The Gravittaional pull of the sun.
centripetal and centrifugal forces
ya gravity..ryt...
gravity
Gravity.
i think its the sun gravitational pull (please ignore spelling)
gravity keeps them in orbit.
Cables coming right out of the sun are attached to each planets. As the planets try to escape by pulling away from the sun, they are restrained by the cables.
The gravitational pull of the sun keeps the planets our slar system in its orbital path.
GRAVITY DUUUH!
The powerful gravity of the sun allows the planet in our solar system to follow its path around the sun.
stfu all of you. gravity is an obvious and ignorant answer. What this asker (and me as well) are curious about is how the planets maintain a consistent path around the sun rather than being overcome by its gravity and sucked in or simply cast out into space by their own momentum. How is it that mercury is much closer to the sun than Neptune, yet murcury is not overcome by the sun's gravity, and Neptuen is not cast into space. Comets also orbit around the sun, and are gone for hundreds of years at a time before they return. Its an interesting concept. too bad the US public is not exactly known for having broad minds.
The answer really is that the gravity of the sun keeps the planets orbiting the sun. A deeper reason is that we see today the survivors -- the objects whose orbits didn't send them into the sun or out of the solar system.

The reason the planets continue in more or less their same orbits (the orbits do actually change over time) is that they are moving fast enough to avoid falling in. (The objects that weren't moving fast enough to avoid falling in fell into the sun billions of years ago.)

Here's what might be a more satisfying answer. The solar system is thought to have condensed from gas and dust that formed a swirling nebula. As particles moved randomly within the nebula, their very tiny gravitational attraction and occasional collisions caused lumps to form. The bigger lumps were able to attract more matter, and got bigger rapidly.
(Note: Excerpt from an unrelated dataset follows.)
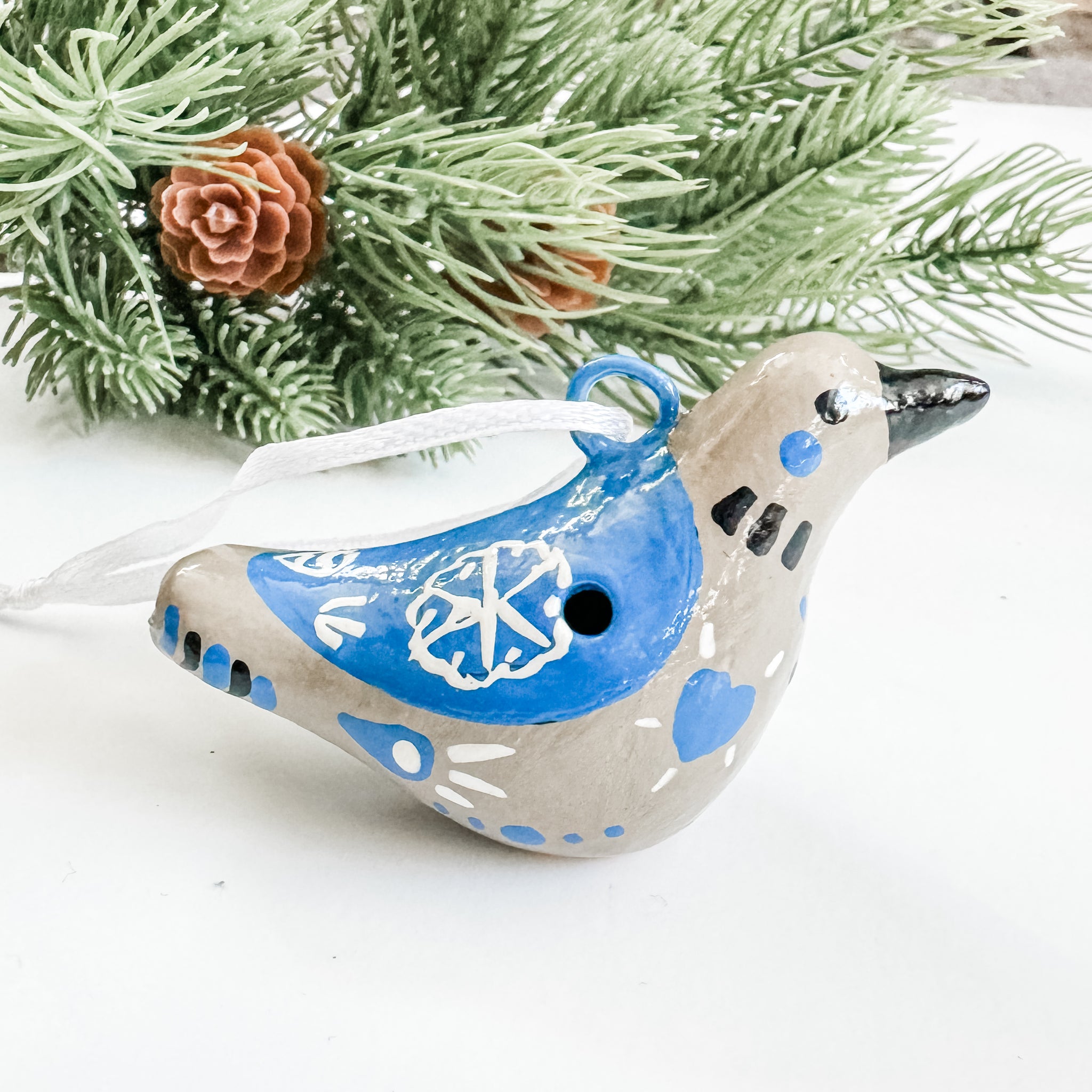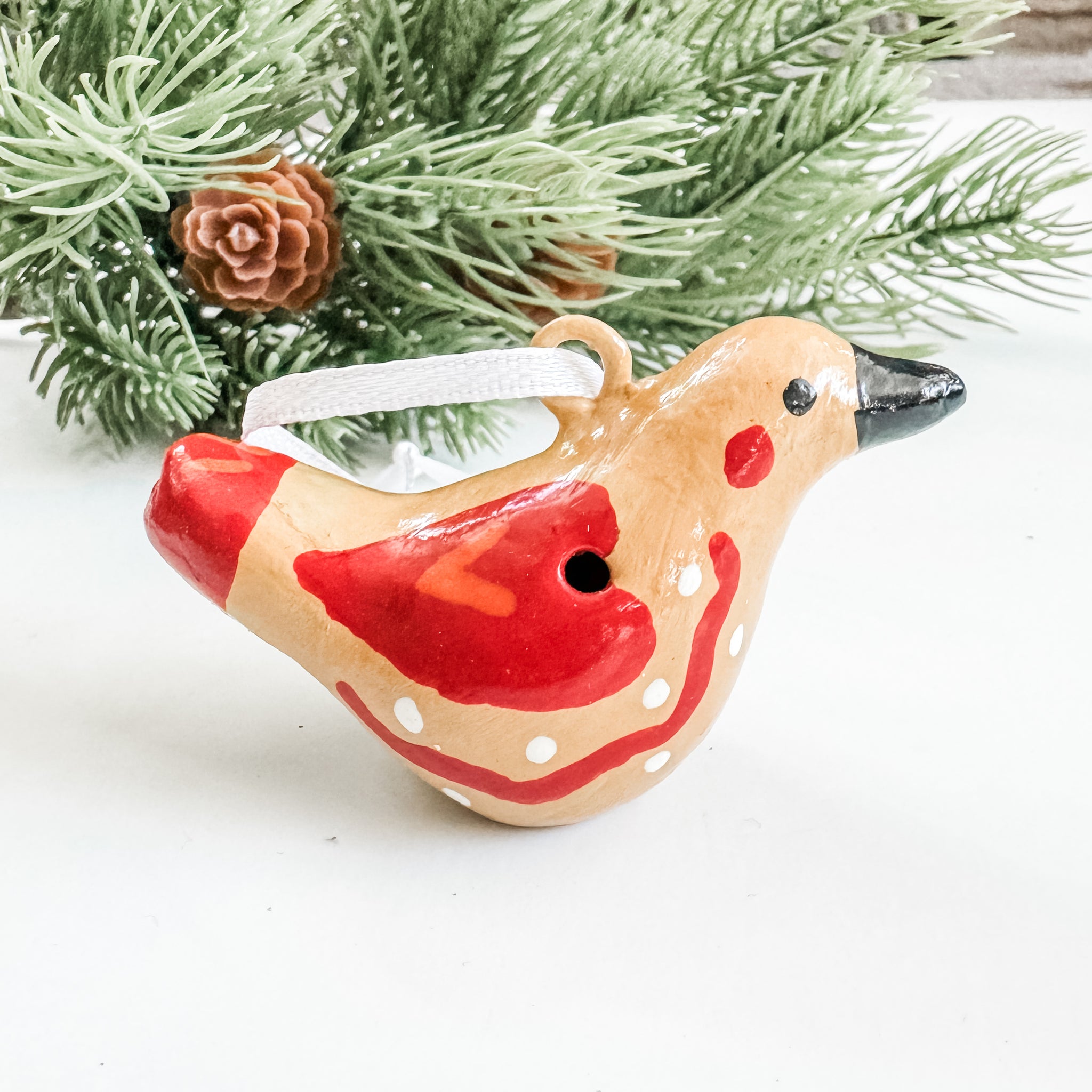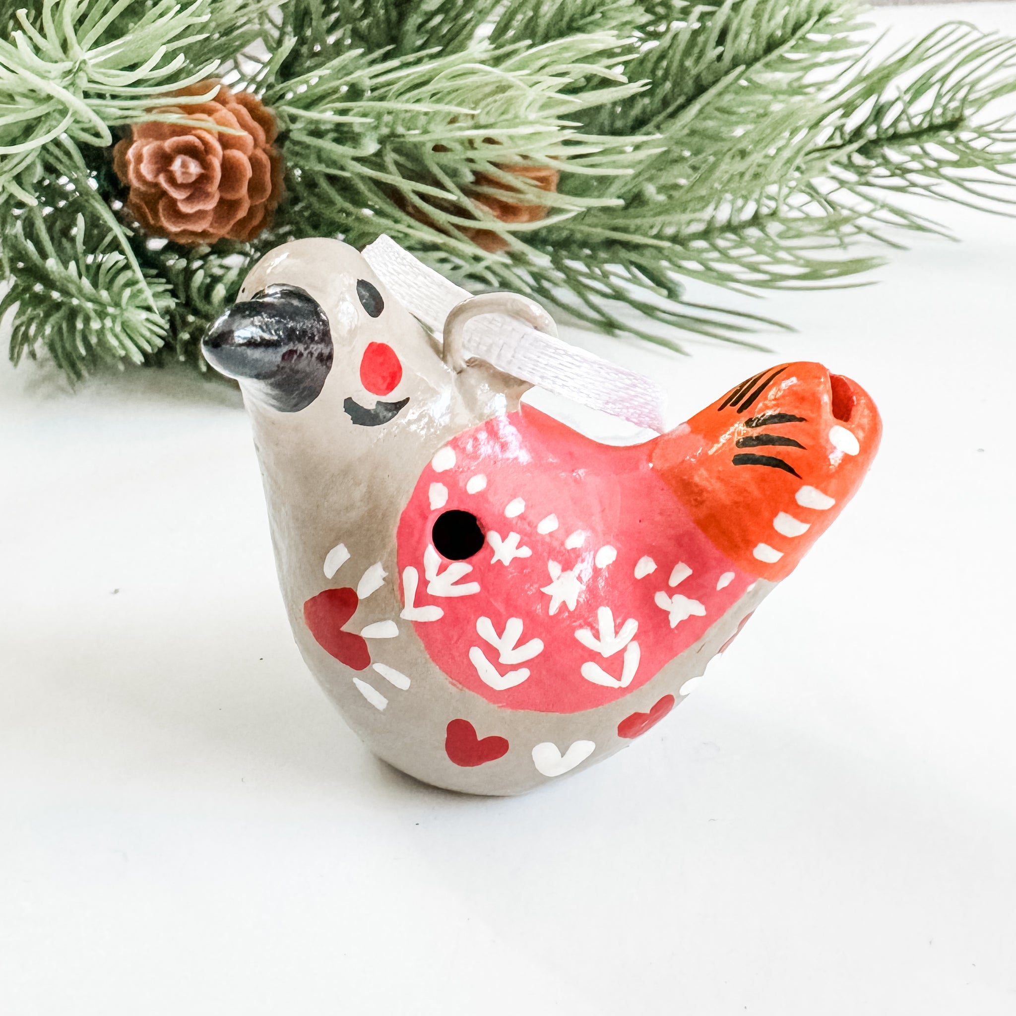 These adorable whimsical bird whistle ornaments are handcrafted from clay by William and his family.

The biggest of them became the sun. The smaller lumps became proto-planets that orbited around the sun.

More collisions and the gravitational forces among the proto-planets no doubt knocked some of them into the sun and others out of orbit and out of the solar system. The planets exerted gravitational pulls on one another and forced one another into the same orbital plane. (Jupiter as the most massive planet had the greatest effect.)

Earth's distance from the sun varies by only about 2% during the year - about 91.9 million miles at the closest and about 94.1 million miles at the farthest. Suppose our orbit varied by 15%, so that at perihelion earth was 86 million miles from the sun and at aphelion earth was at 100 million miles from the sun. We'd be appreciably closer to Venus at perihelion and to Mars at aphelion, and if our orbit were in resonance with either of those planets, the earth would be tugged by Venus (say) at the same point in its orbit, which would cause our orbit to stretch further and become more eccentric. As our orbit stretched, the effects of Venus and Mars stretching our orbit would increase (unless they counterbalanced each other), increasing our chance of eventually crashing into one or the other, or theirs of crashing into us. This didn't happen, which implies that whatever effects the other planets are having on our orbit are about balancing out (and a good thing, too), keeping us in our place.